Kickstarter and gofundme are creating their own advanced pateron clones. You
could make a wordpress/drupal theme so people dont have to find all plugins
and set it up. Have a dedicated site to collect all the RSS "Content" feeds,
and you basically out classed facebook and youtube.

Apple seems to control the podcast database, and its just people submitting
RSS feeds.

I've been using IFTTT to build sites that are just feeding multiple sites into
1 location, reddit subs, youtube channels, etc.

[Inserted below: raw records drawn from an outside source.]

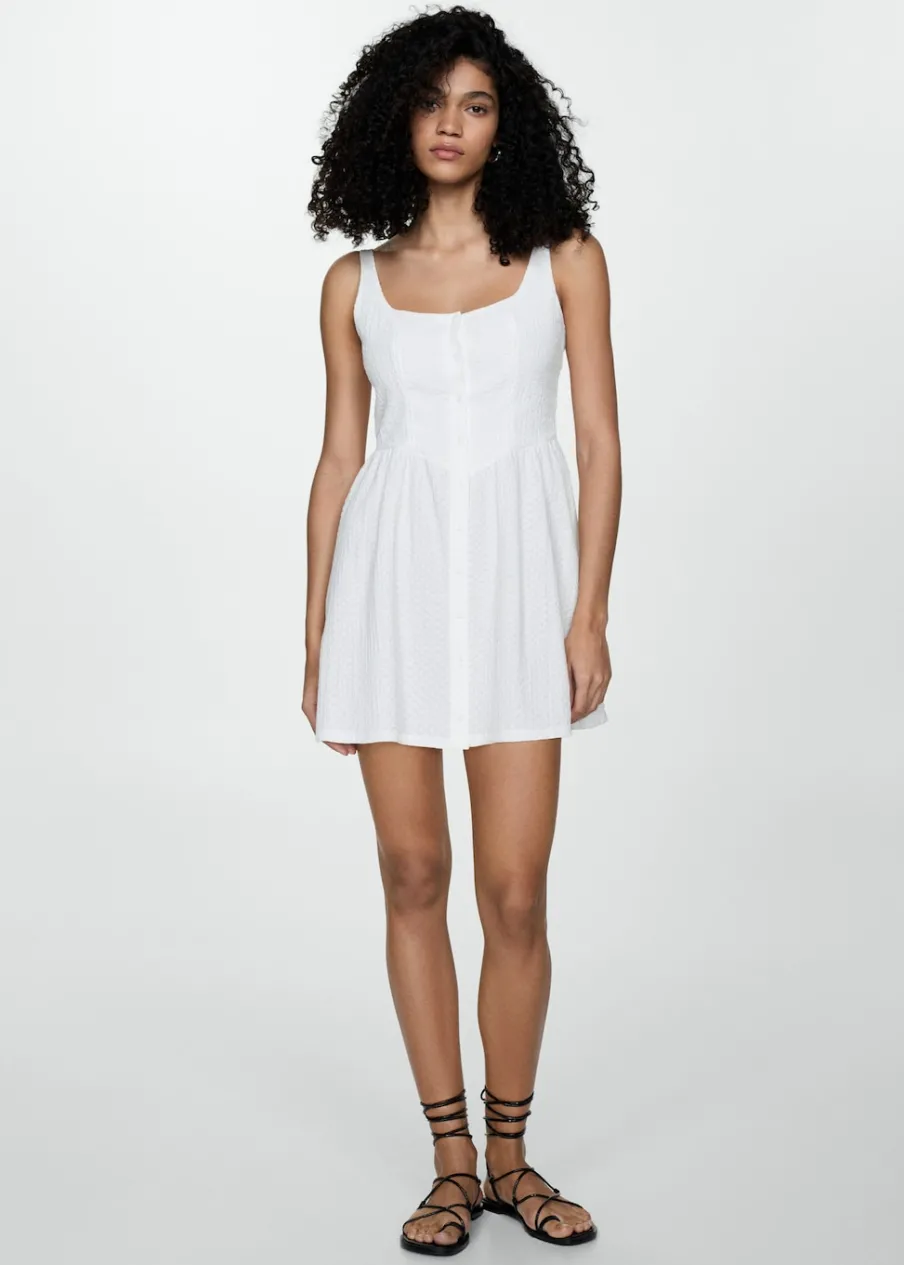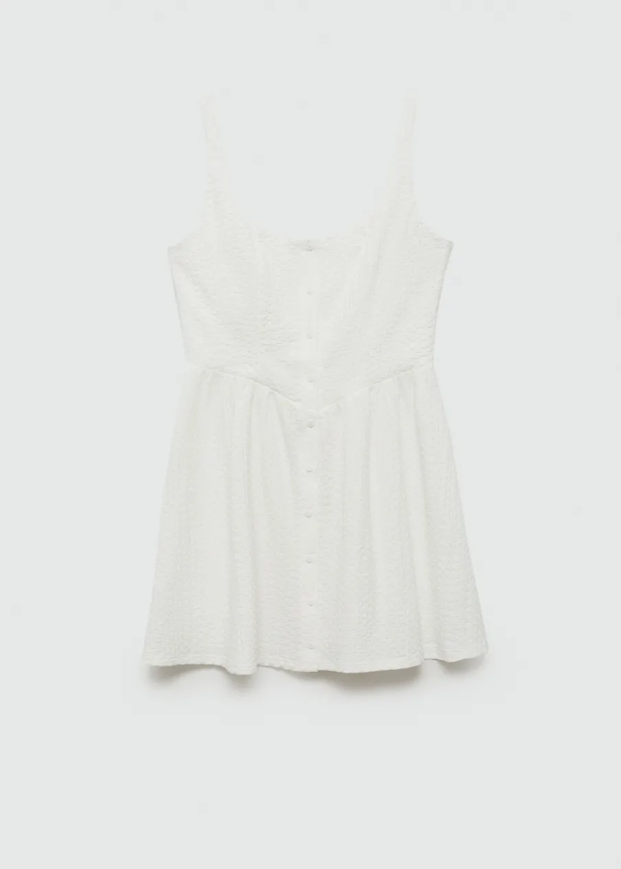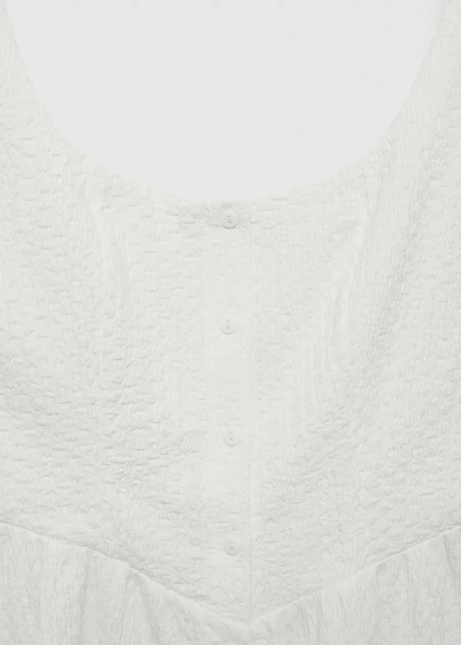 Lejąca tkanina. Teksturowana tkanina. Model evasé. Krótki krój. Kwadratowy dekolt. Bez rękawów. Cienkie ramiączka. Zapięcie na guziki z przodu.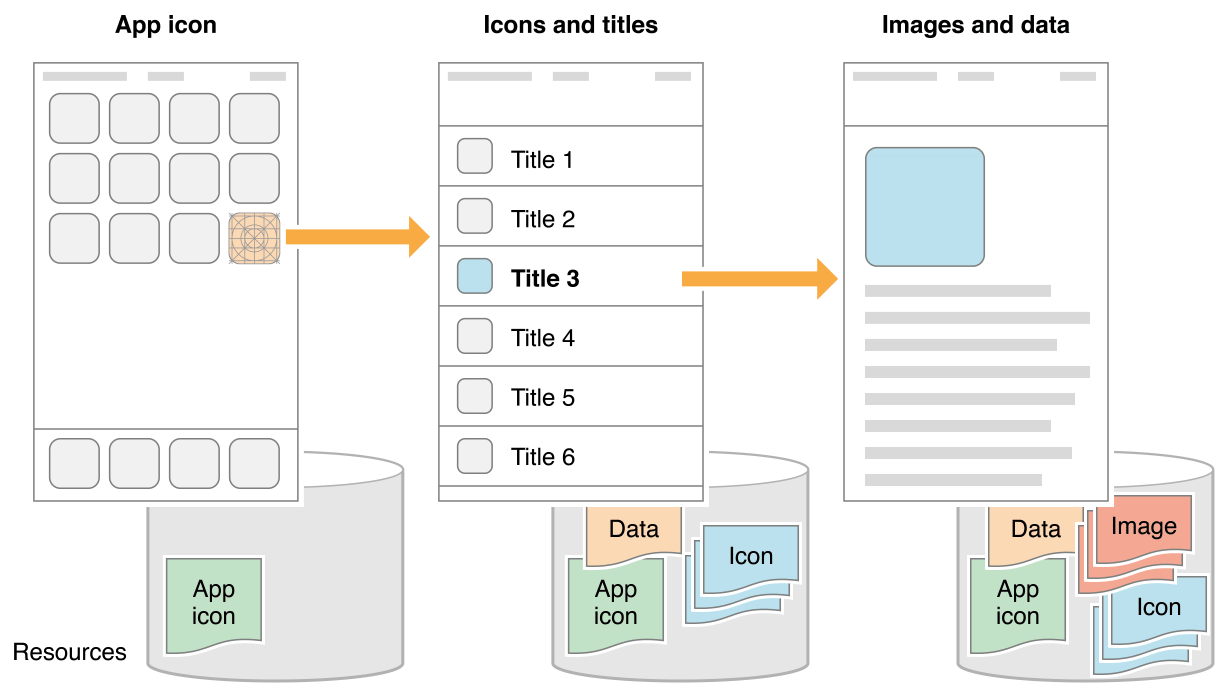 For example, a master-detail app may divide resources into levels and request the next level of resources only when the app anticipates that the user will move to that level. Similarly, the app can request In-App Purchase resources only when the user makes the corresponding in-app purchase.
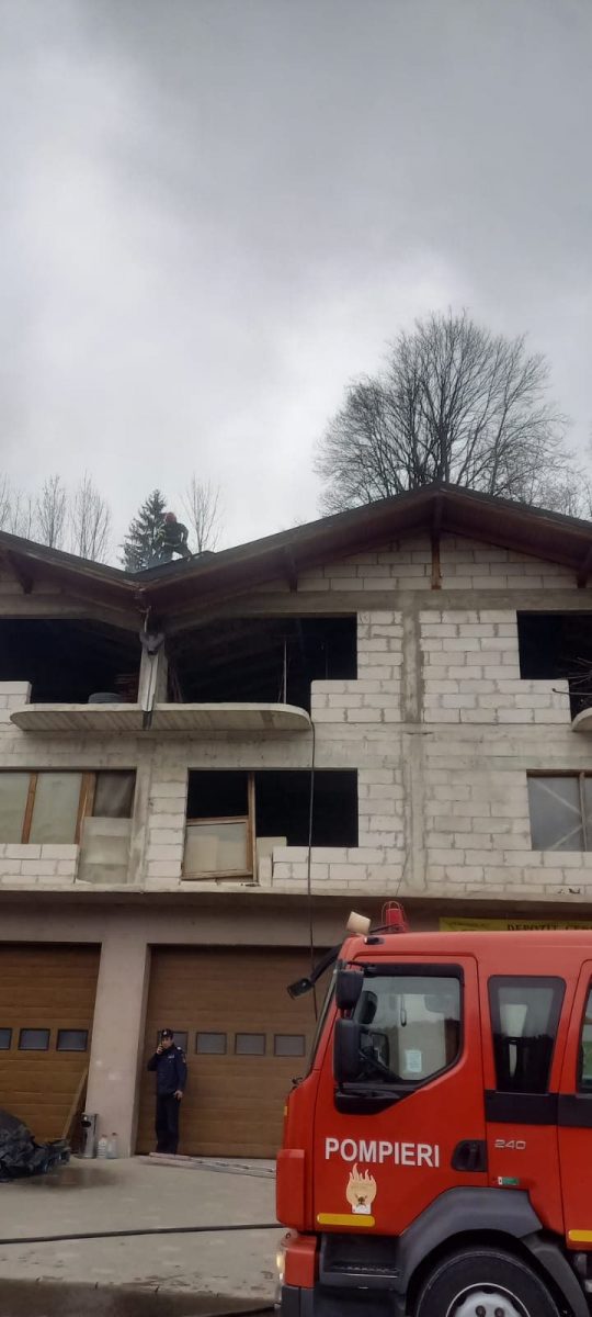O casă aflată în construcție, a fost cuprinsă de flăcări, luni seara, în orașul Câmpeni.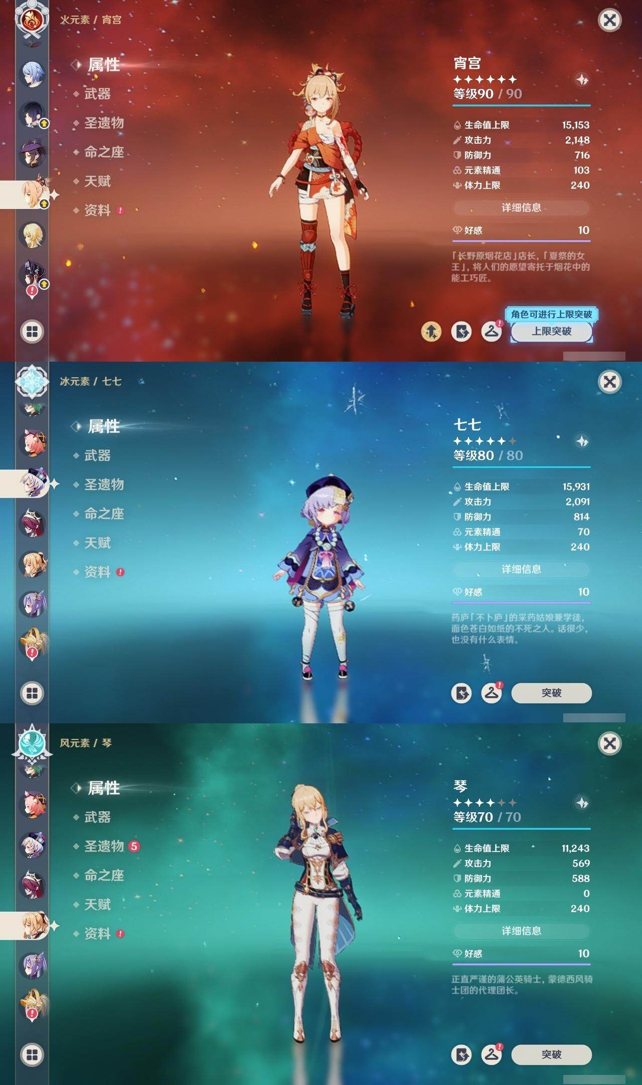 枫原万叶,钟离,申鹤,神里凌华,八重神子,雷电将军,莫娜,宵宫,七七,琴,刻晴,温迪,迪卢克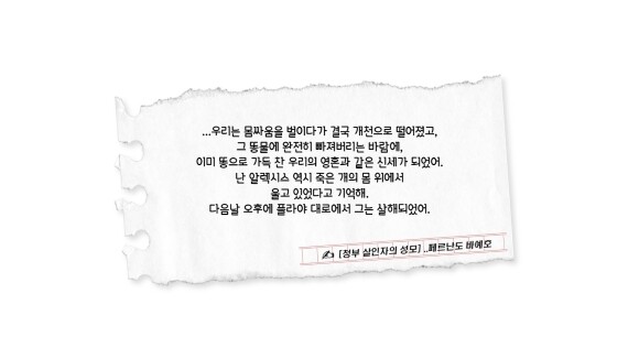 라틴 아메리카 문학은 '마술적 사실주의' 를 구현한 가브리엘 가르시아 마르케스의 작품으로만 접했다. 꿈 속을 걷는 듯한 환상 속에서 현실에 대한 풍자의 언어들이 새롭게 느껴졌다. 마르케스의 작품들 만큼 페르난도 바예호의 작품도 신선하다. 작품 속 인물이 나의 귀에 대고 자신에게 있던 일들을 주저리 주저리 이야기하는 듯한 표현 방식은 이야기에 더 집중하게 만들었다.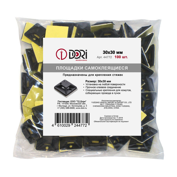44772 Площадка для крепления стяжек самоклеящаяся 30х30 мм черная (100 шт)

The tech is out there, but everyone seems to be thinking they need to be
facebook/youtube clones.

------
isthatart
That's why I left FB, Twitter (Google not yet... although it does the same).
And I was not even writing about big politics issues, only about mathematics
and open access, open science. Sure, we are paranoid, especially because
nobody can verify the evidence.

------
Theodores
Craig Murray has been deeply involved in covering the Syria/Skripal poisonings
taking a line that is questioning. I do not think he has been actively
censored with Theresa May going out of her way to ask GCHQ to silence the
chap, however, there is a lot going on at Facebook at the moment and they
might be blanket banning topics in a shadow-ban way.

Craig Murray is also soliciting donations these days, this only started a week
ago. I think he comes across as a bit paranoid.

Hopefully he won't do what that orthorexic vegan did at the YouTube HQ for
monetization issues.